• [About this exercise]: Print, exactly as they stand, the lines below from the one that has "Present a segregated" to the one that has "Appartement de type", inclusive, leaving out the pictures.
━━━━━ Dataset records ━━━━━
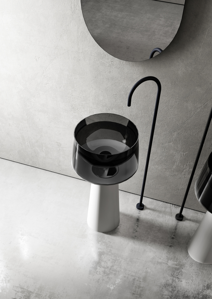 Раковина напольная прозрачная Abber Kristall 50 см AT2706White-Onyx, белый/черный
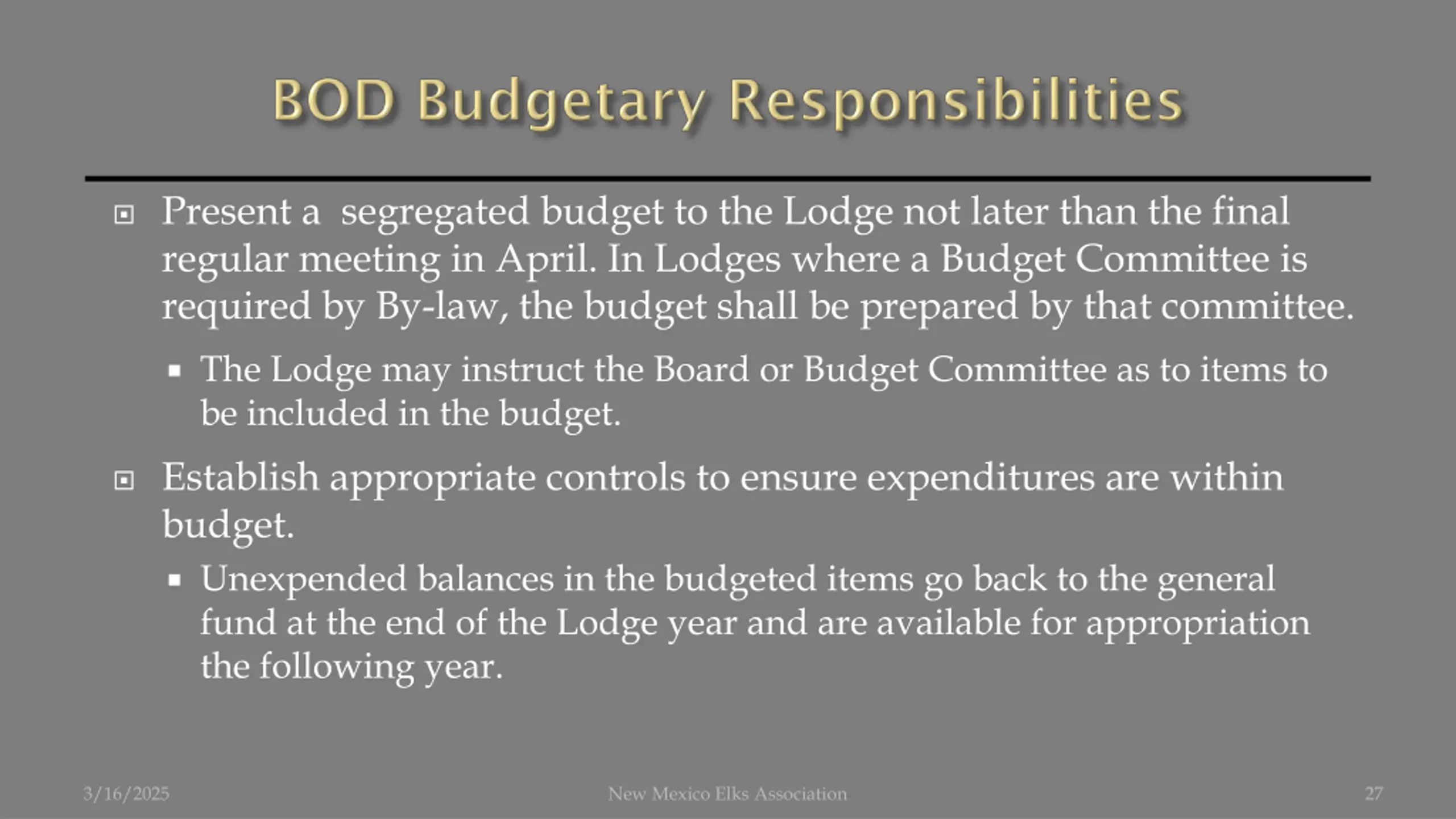 Present a segregated budget to the Lodge not later than the final regular meeting in April. In Lodges where a Budget Committee is required by By-law, the budget shall be prepared by that committee. The Lodge may instruct the Board or Budget Committee as to items to be included in the budget. Establish appropriate controls to ensure expenditures are within budget. Unexpended balances in the budgeted items go back to the general fund at the end of the Lodge year and are available for appropriation the following year. 3/16/2025 New Mexico Elks Association 27
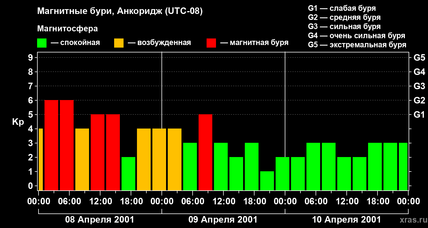 Магнитные бури в Анкоридже — 10 апреля 2001 года
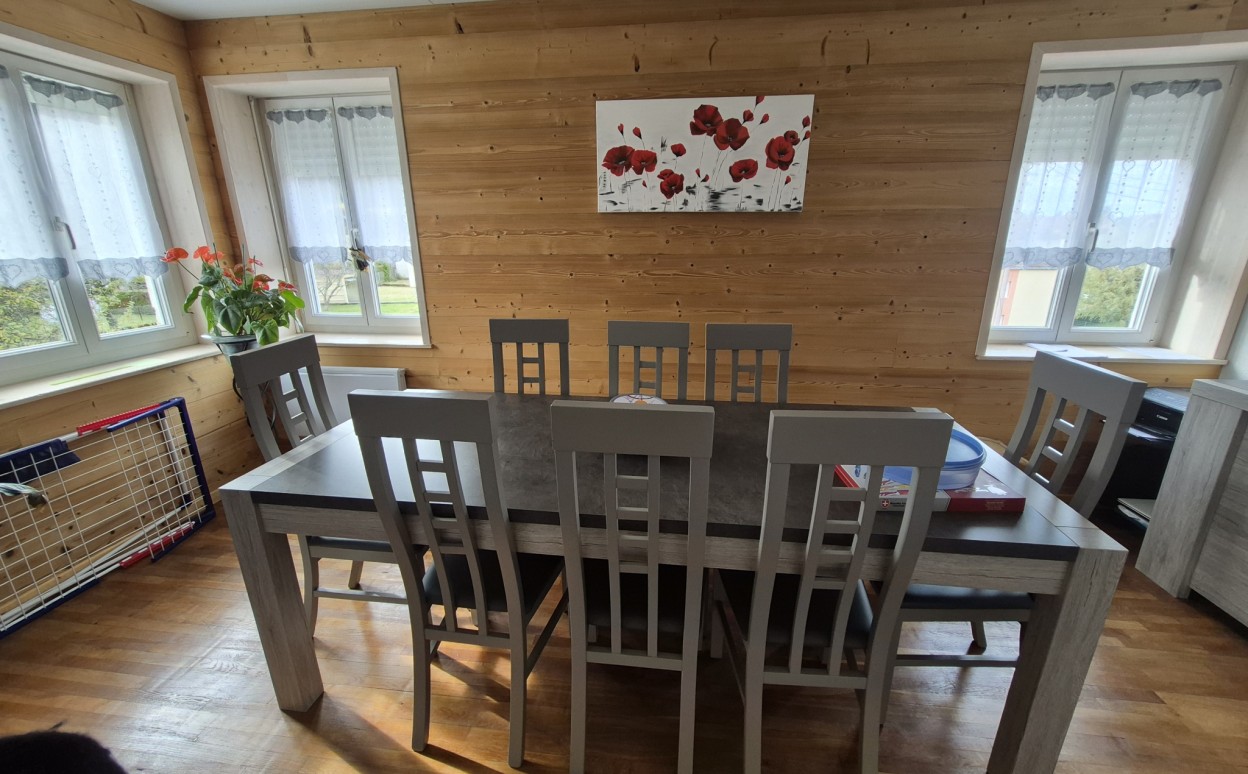 Appartement de type 3 comprenant une entrée, une cuisine équipée ouverte sur séjour, salon, 2 chambres, une salle d'eau avec WC. Cave, garage, place de parking. Balcon sur le pallier. Jardin collectif divisé en deux. Chauffage électrique et pôele à granulés. Disponible à partir du 1er avril.
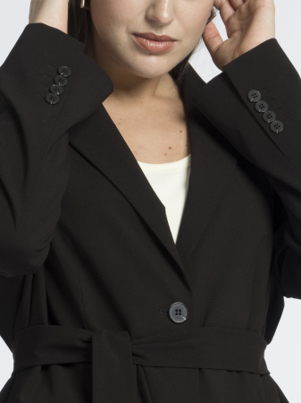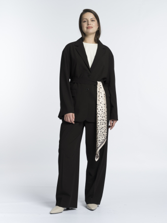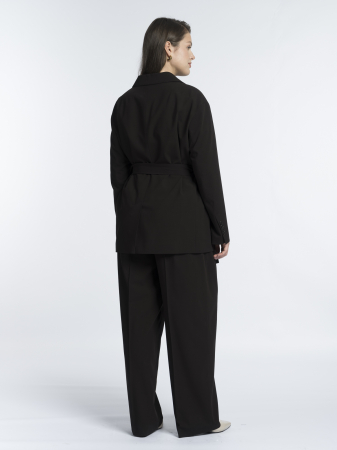 Черный однобортный пиджак с английским воротником – воплощение современной элегантности, он создан для тех, кто ценит безупречный крой и универсальность в деталях. Глубокий, насыщенный черный цвет, благородный и строгий, делает эту модель идеальной основой как для делового гардероба, так и для вечерних образов, легко сочетаясь с классическими брюками, джинсами и легкими платьями. Мягкое неформованное плечо и втачной двухшовный рукав со спущенной линией создают непринужденный, слегка расслабленный силуэт, который выглядит одновременно стильно и комфортно – идеальный баланс между офисной строгостью и повседневной легкостью. Декоративная шлица с пуговицами по низу рукава добавляет пиджаку изысканный акцент, подчеркивая внимание к деталям, а подкройной бочок обеспечивает идеальную посадку по фигуре, мягко облегая, но не сковывая движений. Практичные боковые карманы с клапанами не только дополняют образ, но и предоставляют удобное место для хранения мелочей, в то время как пояс из основной ткани с незаметными шлевками позволяет при желании подчеркнуть линию талии, добавляя женственности силуэту. Задняя шлица обеспечивает свободу движения, делая жакет удобным для повседневной носки. Костюмная ткань из нежной вискозы, согревающей шерсти, прочного полиэстера и формоустойчивого спандекса создает оптимальное сочетание прочности, мягкости и эластичности: пиджак прекрасно держит форму, практически не мнется и при этом остается приятным к телу, а подкладка из высокотехнологичного полиэстера обеспечивает комфортное скольжение по одежде. Такой пиджак - выгодная инвестиция в гардероб: он подойдет для важных встреч, коктейльных вечеров, свиданий или просто прогулок по городу, добавляя образу утонченности и уверенности, особенно в сочетании с брюками TR0598.
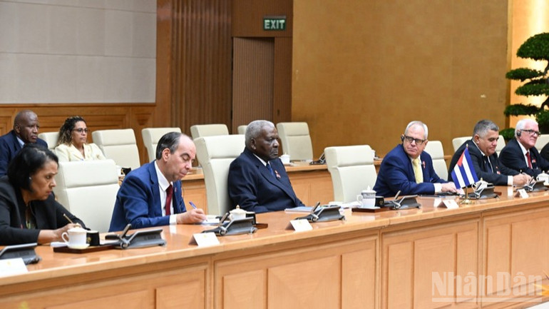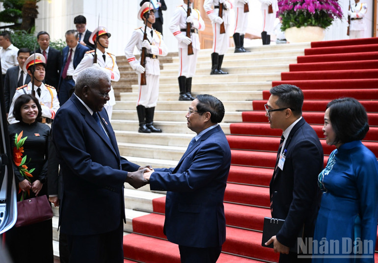 Chủ tịch Quốc hội Esteban Lazo Hernandez bày tỏ vui mừng dẫn đầu đoàn Đại biểu cấp cao Đảng, Nhà nước Cuba trở lại thăm Việt Nam và gặp lại Thủ tướng Chính phủ Phạm Minh Chính; chia sẻ cảm nhận sau mỗi chuyến thăm Việt Nam và bày tỏ vui mừng trước những thành tựu phát triển kinh tế, xã hội và đối ngoại của Việt Nam thời gian qua; khẳng định những kết quả, thắng lợi của nhân dân Việt Nam luôn là nguồn cổ vũ, động viên to lớn cho sự nghiệp cách mạng của nhân dân Cuba.
━━━━━
• [Result below]:
 Present a segregated budget to the Lodge not later than the final regular meeting in April. In Lodges where a Budget Committee is required by By-law, the budget shall be prepared by that committee. The Lodge may instruct the Board or Budget Committee as to items to be included in the budget. Establish appropriate controls to ensure expenditures are within budget. Unexpended balances in the budgeted items go back to the general fund at the end of the Lodge year and are available for appropriation the following year. 3/16/2025 New Mexico Elks Association 27
 Магнитные бури в Анкоридже — 10 апреля 2001 года
 Appartement de type 3 comprenant une entrée, une cuisine équipée ouverte sur séjour, salon, 2 chambres, une salle d'eau avec WC. Cave, garage, place de parking. Balcon sur le pallier. Jardin collectif divisé en deux. Chauffage électrique et pôele à granulés. Disponible à partir du 1er avril.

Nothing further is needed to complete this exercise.